*** Exercise data ***

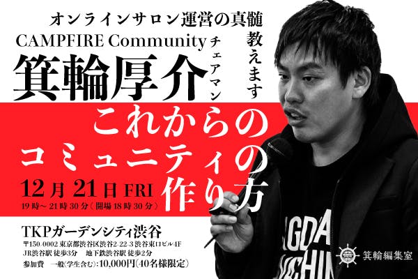 これからのコミュニティオーナー同士の活性化を図り、日本国内のオンラインサロンの発展を目的とした試みとなりました。当日は国内トップクラスのオンラインサロンを運営する『箕輪編集室』の箕輪厚介氏に登壇していただき、実体験でしか会得できない運営技術やノウハウを学ぶことができます。もちろん「オンラインサロンに興味がある」という方でも大歓迎です!
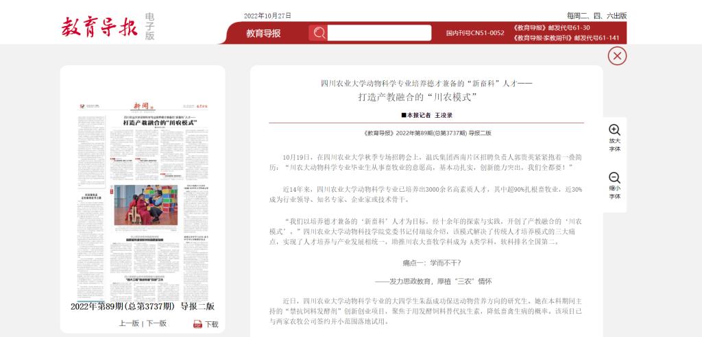“我们以培养德才兼备的‘新畜科’人才为目标,经十余年的探索与实践,开创了产教融合的‘川农模式’。”tyc522cc太阳成集团主页党委书记付瑞琼介绍,该模式解决了传统人才培养模式的三大痛点,实现了人才培养与产业发展相统一,助推川农大畜牧学科成为A类学科,软科排名全国第二。
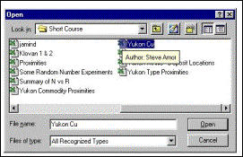 Step 4: Excel file created in Step 2 is selected (Surfer 7 will read Excel 2000 files; for older versions, file should be saved as Excel 3.0 or earlier, or as ASCII) |

***

--- Work task ---
In your copy, reproduce the data above exactly and skip every picture.

--- Written solution ---
 これからのコミュニティオーナー同士の活性化を図り、日本国内のオンラインサロンの発展を目的とした試みとなりました。当日は国内トップクラスのオンラインサロンを運営する『箕輪編集室』の箕輪厚介氏に登壇していただき、実体験でしか会得できない運営技術やノウハウを学ぶことができます。もちろん「オンラインサロンに興味がある」という方でも大歓迎です!
“我们以培养德才兼备的‘新畜科’人才为目标,经十余年的探索与实践,开创了产教融合的‘川农模式’。”tyc522cc太阳成集团主页党委书记付瑞琼介绍,该模式解决了传统人才培养模式的三大痛点,实现了人才培养与产业发展相统一,助推川农大畜牧学科成为A类学科,软科排名全国第二。
 Step 4: Excel file created in Step 2 is selected (Surfer 7 will read Excel 2000 files; for older versions, file should be saved as Excel 3.0 or earlier, or as ASCII) |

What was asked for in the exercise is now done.